In mid–2005, Carolyn M. Kloeckner (“Kloeckner”) left her work as a Senior Investigator for the St. Louis office of the Department of Labor's (DOL) Employee Benefits Security Administration and filed an equal employment opportunity (EEO) complaint alleging hostile work environment and discrimination on account of her sex and age. Nearly three years later, the Secretary of Labor issued a final agency action rejecting Kloeckner's claims of unlawful discrimination. Kloeckner appealed to the Merit Systems Protection Board (MSPB), which dismissed her appeal as untimely. Kloeckner then filed this action in the District of Columbia District Court, which transferred venue to the Eastern District of Missouri. Kloeckner now appeals the district court's1 dismissal on the ground that the Court of Appeals for the Federal Circuit had exclusive subject matter jurisdiction.

The appeal requires us to again consider complex statutes governing federal employee complaints of wrongful employment action.

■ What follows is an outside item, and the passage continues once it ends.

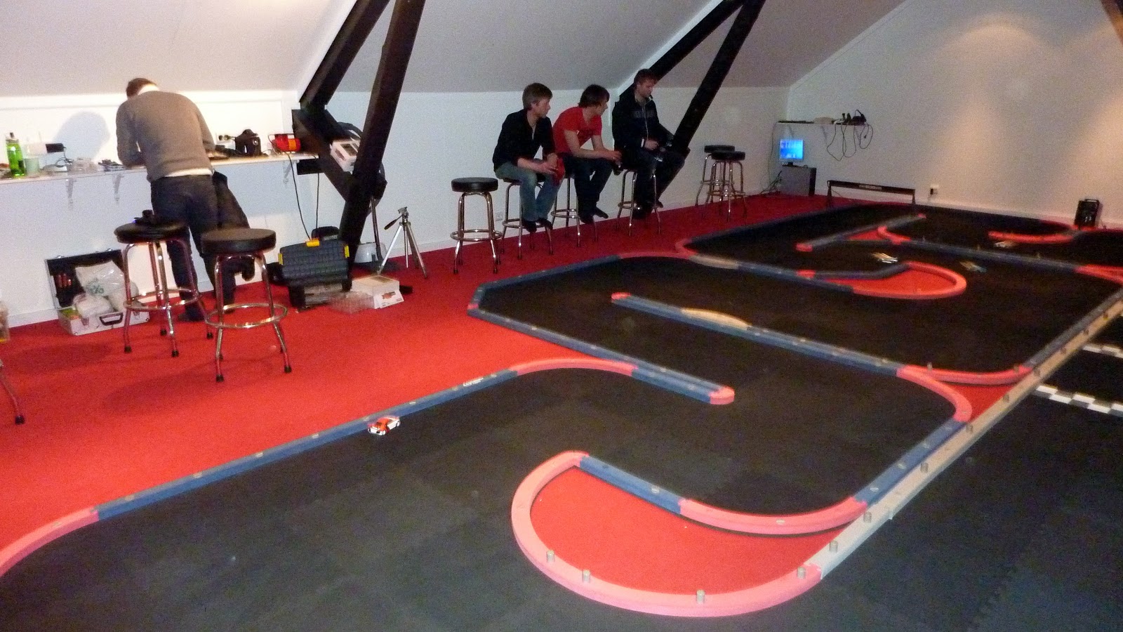 Undertegnede hadde noen runder inne fra uttesting av layouten, og klarte etter en stund å finne grep i bilen. Det går relativ fort, men det er moro å se at konkurransen tilspisser seg. Nivået er økende hos alle sammen og det er tøffere og tøffere å holde unna. Støttepilarene på langsida fikk seg en trøkk, når bilen i toppfart huka tak i et vant og forsvant en halvmeter opp i lufta å traff stolpen med en herlig knuselyd.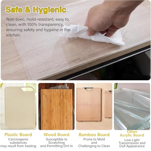 - آمن وبجودة عالية: لوح التقطيع الأكريليك الخاص بنا مصنوع من الأكريليك الآمن غذائيًا بنسبة 100%، لذلك يمكنك أن تكون واثقًا من أنه سيلامس الطعام. بالمقارنة مع المواد الأخرى، يتمتع الأكريليك بمتانة أفضل ومقاومة للتشقق مع الحفاظ على خفة الوزن، وليس من السهل تشويهه أو كسره، وسوف يخدمك لفترة طويلة.

The jurisdictional issue arises because Congress in the Civil Service Reform Act of 19782 bifurcated judicial review of MSPB decisions. Most petitions for review of final MSPB decisions must be filed in the Federal Circuit, 5 U.S.C. § 7703(b)(1), whose jurisdiction is exclusive, 28 U.S.C. § 1295(a)(9). However, actions seeking review in “[c]ases of discrimination” are filed in an appropriate district court, as provided in federal anti-discrimination statutes. 5 U.S.C. § 7703(b)(2). See generally Kean v. Stone, 926 F.2d 276, 282–84 (3d Cir.1991). Reviewing the jurisdictional issue de novo, we affirm.

I.

Kloeckner filed her EEO complaint on June 13, 2005. When DOL charged her with being “absent without leave” from June 13 to July 22, she amended the complaint to include a charge of retaliation. Kloeckner never returned to work. She was eventually removed from employment (terminated) effective July 21, 2006, with her EEO complaint still pending.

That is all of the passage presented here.